**Activity**
The full listing should be written out verbatim, and its images should be dropped.

**Provided material**
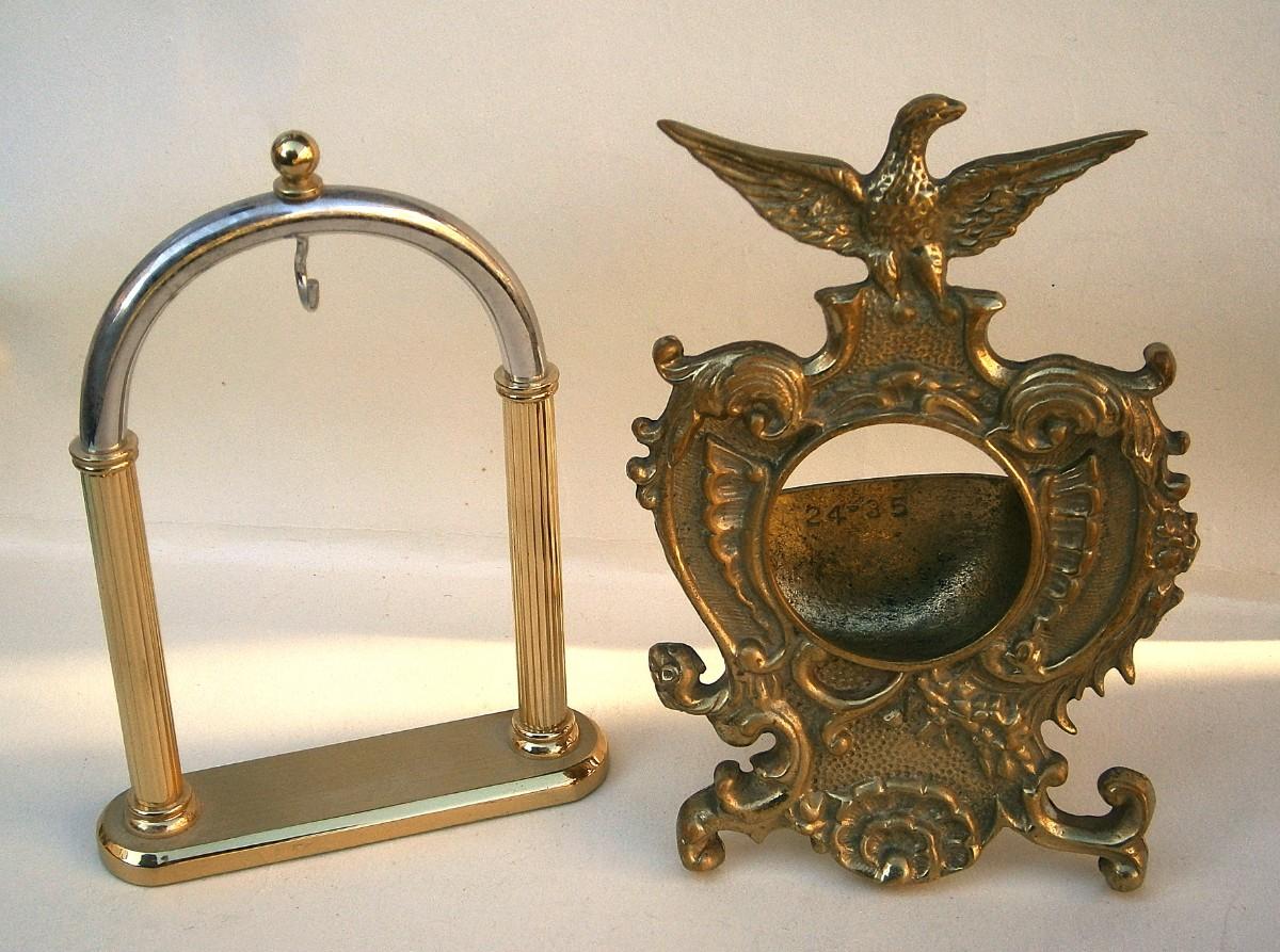 2 Brass Pocket Watch Holders, 5 1/2 in. tall.
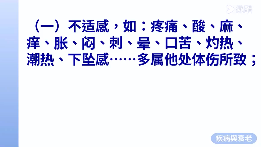 (一) 不适感,如:疼痛😖、酸🍋、麻🌿、痒🐜、胀🎈、闷😶、刺📌、晕🌀、口苦🤢、灼热🔥、潮热🌡️、下坠感🪂……多属他处体伤所致;
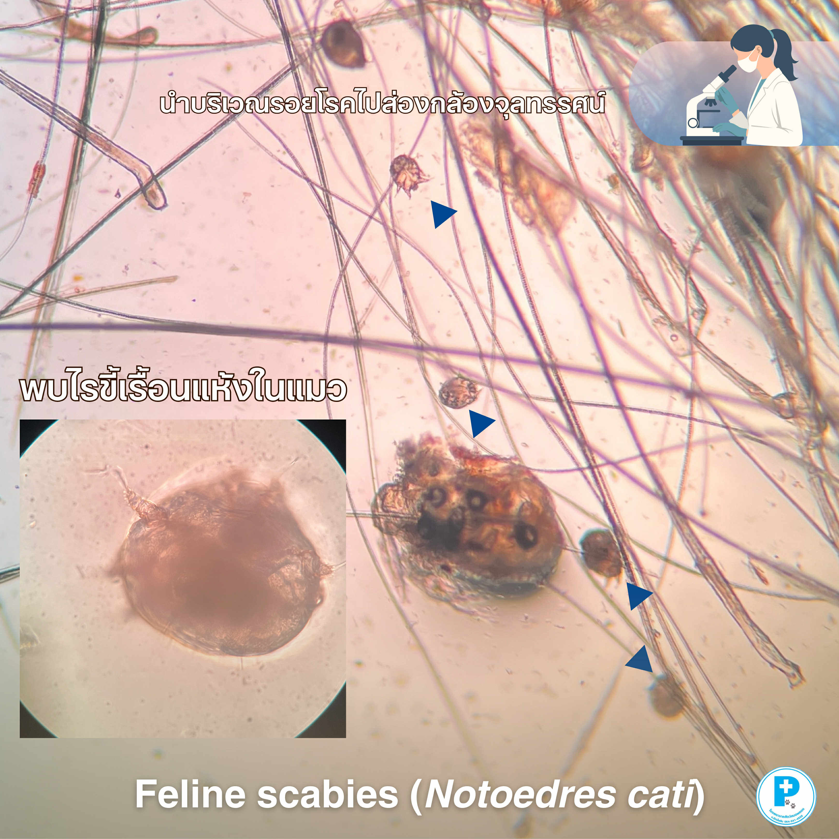 หลายครั้งเจ้าของสังเกตว่า “น้องขนร่วงเป็นวง ๆ” โดยเฉพาะ รอบตา ขอบปาก ขาหน้า พอซูมด้วยกล้องจุลทรรศน์ ก็เจอเจ้า Demodex sp. นอนแน่นเต็มรอยโรคเลย

**Final answer**
 2 Brass Pocket Watch Holders, 5 1/2 in. tall.
 (一) 不适感,如:疼痛😖、酸🍋、麻🌿、痒🐜、胀🎈、闷😶、刺📌、晕🌀、口苦🤢、灼热🔥、潮热🌡️、下坠感🪂……多属他处体伤所致;
 หลายครั้งเจ้าของสังเกตว่า “น้องขนร่วงเป็นวง ๆ” โดยเฉพาะ รอบตา ขอบปาก ขาหน้า พอซูมด้วยกล้องจุลทรรศน์ ก็เจอเจ้า Demodex sp. นอนแน่นเต็มรอยโรคเลย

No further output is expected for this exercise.